### Task goal:
Leave every picture out and print exactly the lines that run from the one containing "4. 【束马悬车】 束马:把马蹄包起,防止马滑倒;悬车:把车子钩牢,以防脱落。把马脚裹起来,把车吊上山去。形容走山路的艰险情况。" to the end of the listing.

### Supplied records:
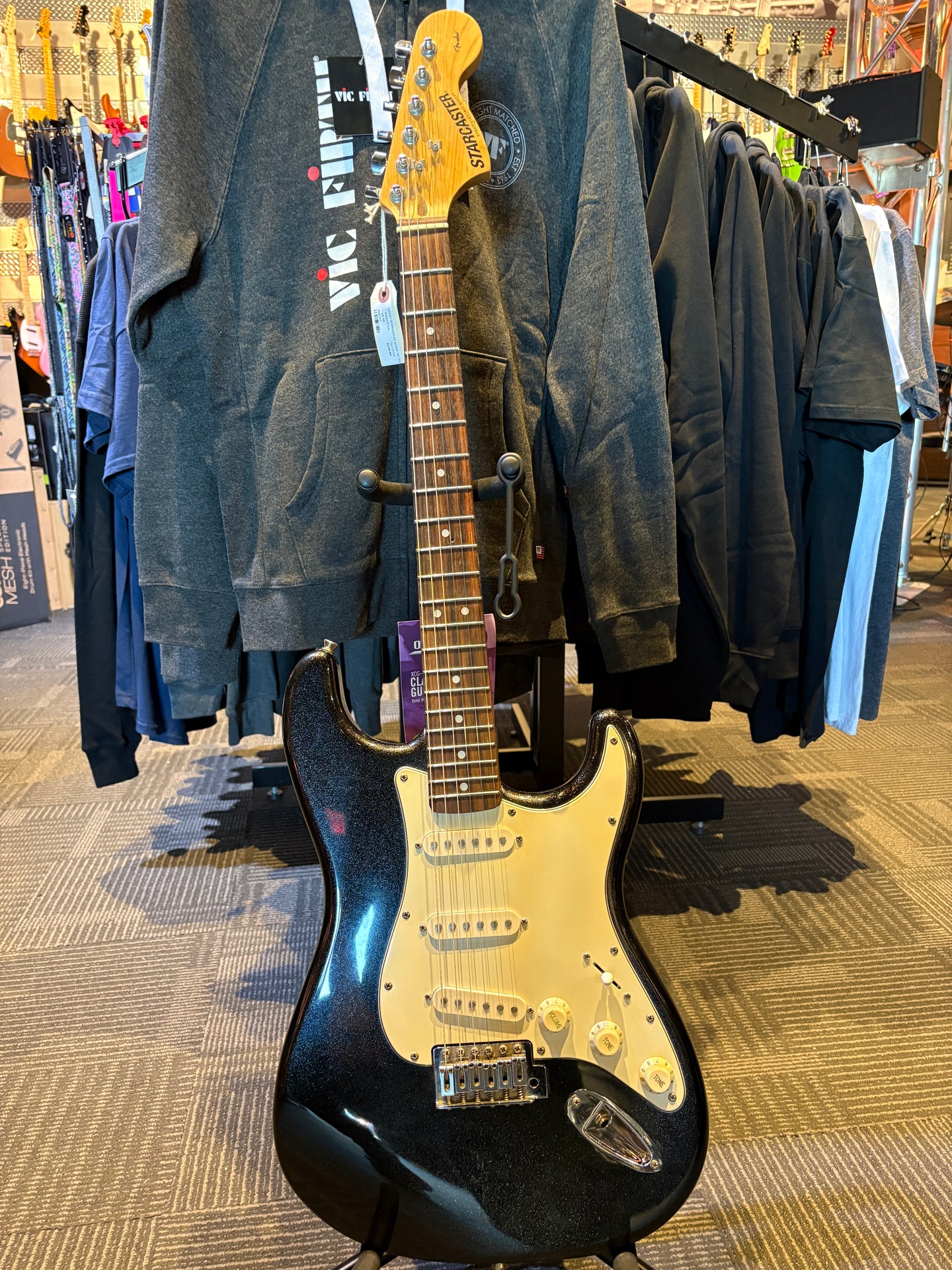 Are you ready to begin your ultimate guitar journey? Unleash the fury of the Squier STARCASTER today, with this beautiful used electric guitar, in a sparkle finish! No longer in production, these guitars have become a hot commodity - and we mean that! Come to our Grand Island location to check out this smooth playing, light weight S-style guitar TODAY!
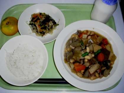 18日(木)の主菜は、根菜、鶏肉、大豆、さつま揚げ、いんげんなど12種類もの具材の入った「豆入り筑前煮」でした。「煮物はたくさん作った方が美味しい」といわれるように、給食の煮物はたくさんの食材のうまみがでて、とても味わい深い煮物に仕上がります。
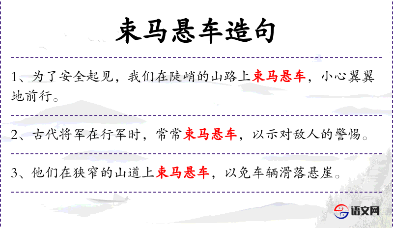 4. 【束马悬车】 束马:把马蹄包起,防止马滑倒;悬车:把车子钩牢,以防脱落。把马脚裹起来,把车吊上山去。形容走山路的艰险情况。
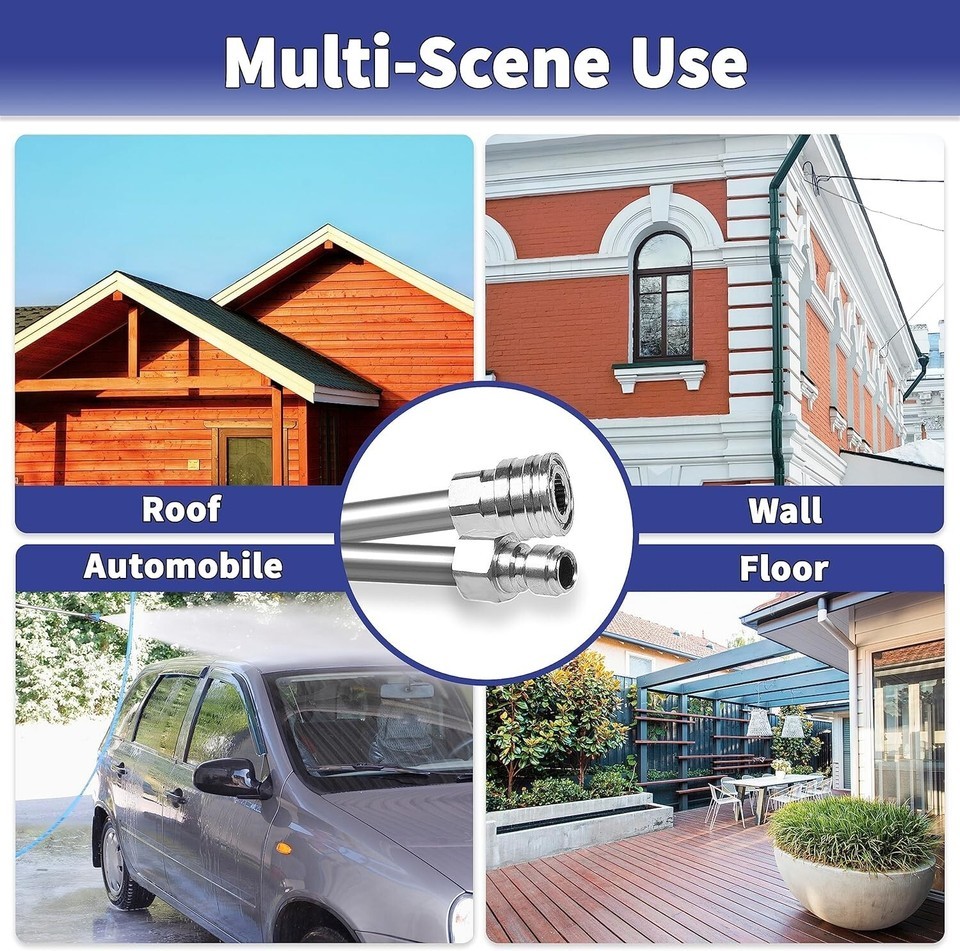 Wide Application: Pressure washer wand is Suitable for pressure cleaning machine gun, pressure cleaning machine foam gun, water broom, chassis cleaning machine, surface cleaning machine,cleaning brush, gutter cleaning machine accessories. It can also be used outdoors, such as driveways, sidewalks, decks, roofs, and your car. It can also be used in hard-to-reach areas, such as house siding, shutters, Windows,etc
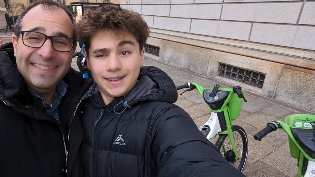 By this time Olivia was starting to feel unwell – coming down with something perhaps so headed home for lunch and a rest. Sebastian and Joe headed out in search of new SIM cards but ended up zooming around the city on some e-bikes!
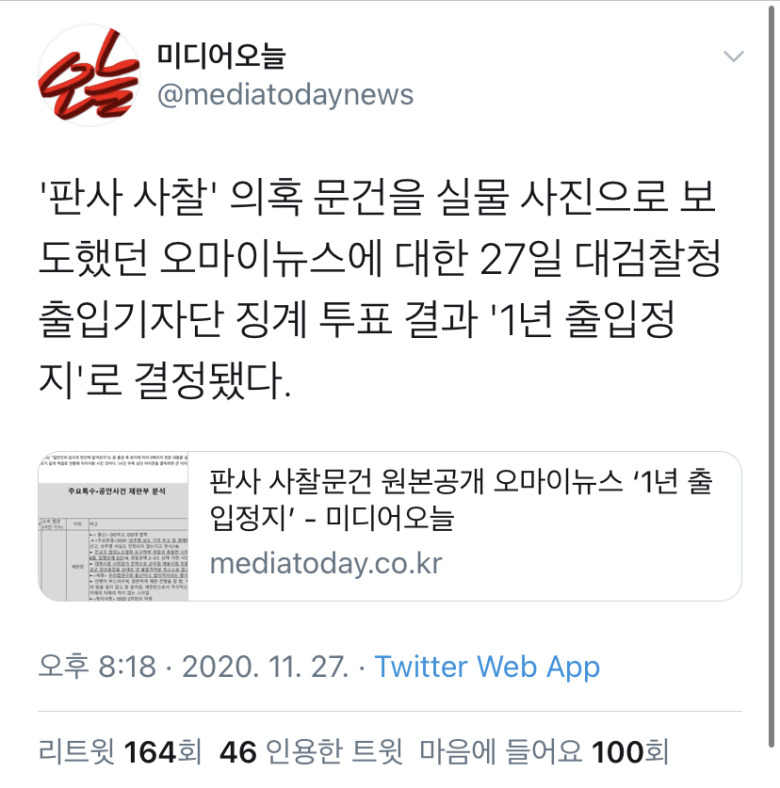 [유머] 꼴값) 오마뉴에 대검 출입기자단 징계 투표 결과

### Written reply:
 4. 【束马悬车】 束马:把马蹄包起,防止马滑倒;悬车:把车子钩牢,以防脱落。把马脚裹起来,把车吊上山去。形容走山路的艰险情况。
 Wide Application: Pressure washer wand is Suitable for pressure cleaning machine gun, pressure cleaning machine foam gun, water broom, chassis cleaning machine, surface cleaning machine,cleaning brush, gutter cleaning machine accessories. It can also be used outdoors, such as driveways, sidewalks, decks, roofs, and your car. It can also be used in hard-to-reach areas, such as house siding, shutters, Windows,etc
 By this time Olivia was starting to feel unwell – coming down with something perhaps so headed home for lunch and a rest. Sebastian and Joe headed out in search of new SIM cards but ended up zooming around the city on some e-bikes!
 [유머] 꼴값) 오마뉴에 대검 출입기자단 징계 투표 결과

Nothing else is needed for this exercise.